Provided records:
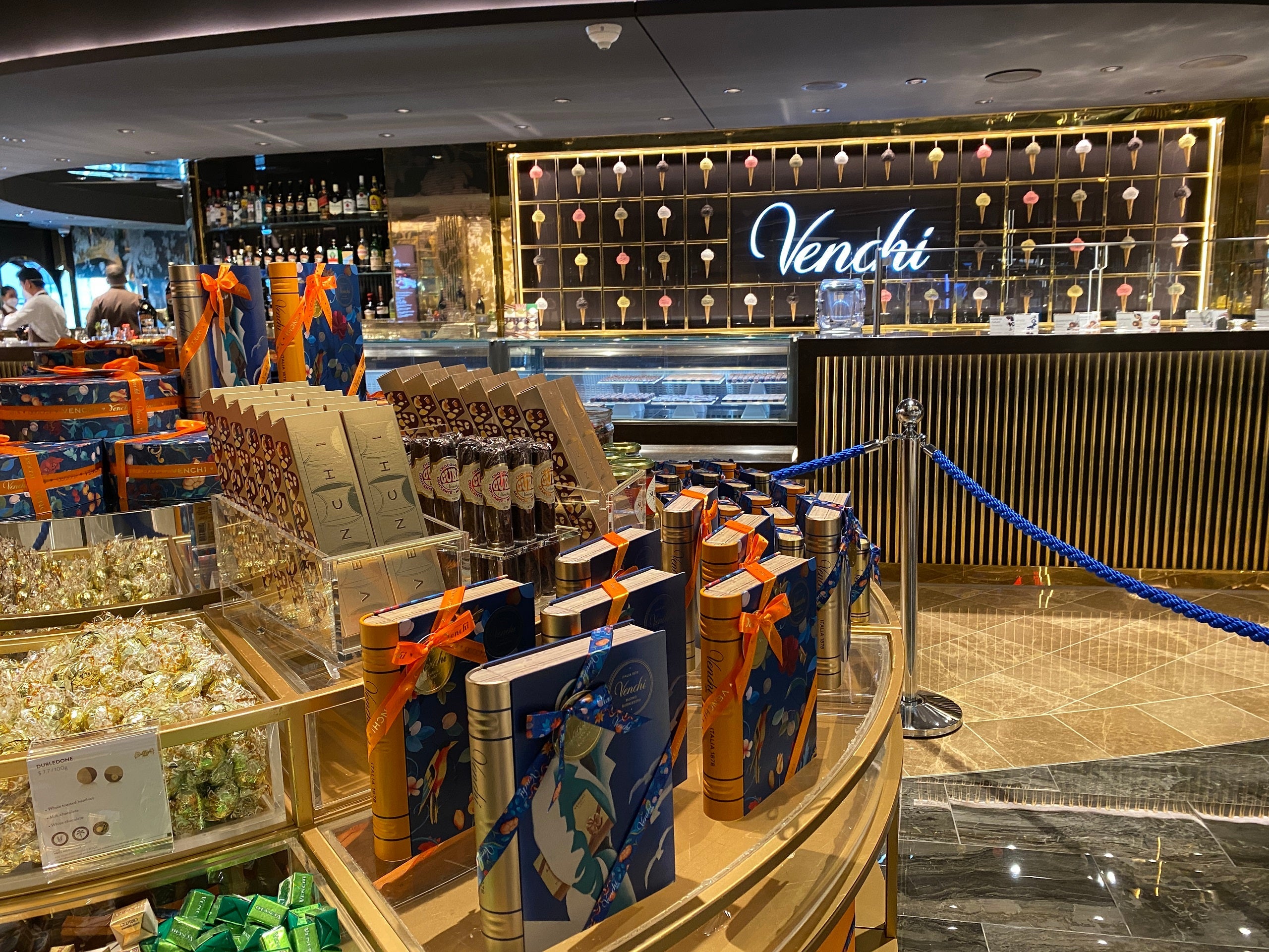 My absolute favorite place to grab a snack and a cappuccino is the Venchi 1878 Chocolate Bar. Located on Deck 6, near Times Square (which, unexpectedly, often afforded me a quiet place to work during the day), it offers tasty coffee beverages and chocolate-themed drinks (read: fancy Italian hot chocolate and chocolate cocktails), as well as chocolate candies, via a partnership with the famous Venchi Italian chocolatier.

--

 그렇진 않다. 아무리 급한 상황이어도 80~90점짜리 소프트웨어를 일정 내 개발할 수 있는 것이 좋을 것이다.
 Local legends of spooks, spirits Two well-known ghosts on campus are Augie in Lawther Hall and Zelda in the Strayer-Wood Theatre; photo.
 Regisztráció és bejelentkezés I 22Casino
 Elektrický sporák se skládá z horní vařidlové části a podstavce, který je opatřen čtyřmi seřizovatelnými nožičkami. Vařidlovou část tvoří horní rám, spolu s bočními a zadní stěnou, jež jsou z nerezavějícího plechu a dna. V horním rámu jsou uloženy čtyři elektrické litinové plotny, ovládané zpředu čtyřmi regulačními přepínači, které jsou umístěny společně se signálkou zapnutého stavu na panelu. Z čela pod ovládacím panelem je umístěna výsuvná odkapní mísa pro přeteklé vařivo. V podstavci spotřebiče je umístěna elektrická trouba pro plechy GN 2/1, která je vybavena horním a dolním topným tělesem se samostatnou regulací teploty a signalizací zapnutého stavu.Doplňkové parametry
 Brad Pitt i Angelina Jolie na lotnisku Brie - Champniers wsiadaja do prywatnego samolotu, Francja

What is required:
Using the entries above, output exactly the lines between the line holding "Local legends of" and the line holding "Regisztráció és bejelentkezés I 22Casino", end lines included, and nothing more.

Written solution:
 Local legends of spooks, spirits Two well-known ghosts on campus are Augie in Lawther Hall and Zelda in the Strayer-Wood Theatre; photo.
 Regisztráció és bejelentkezés I 22Casino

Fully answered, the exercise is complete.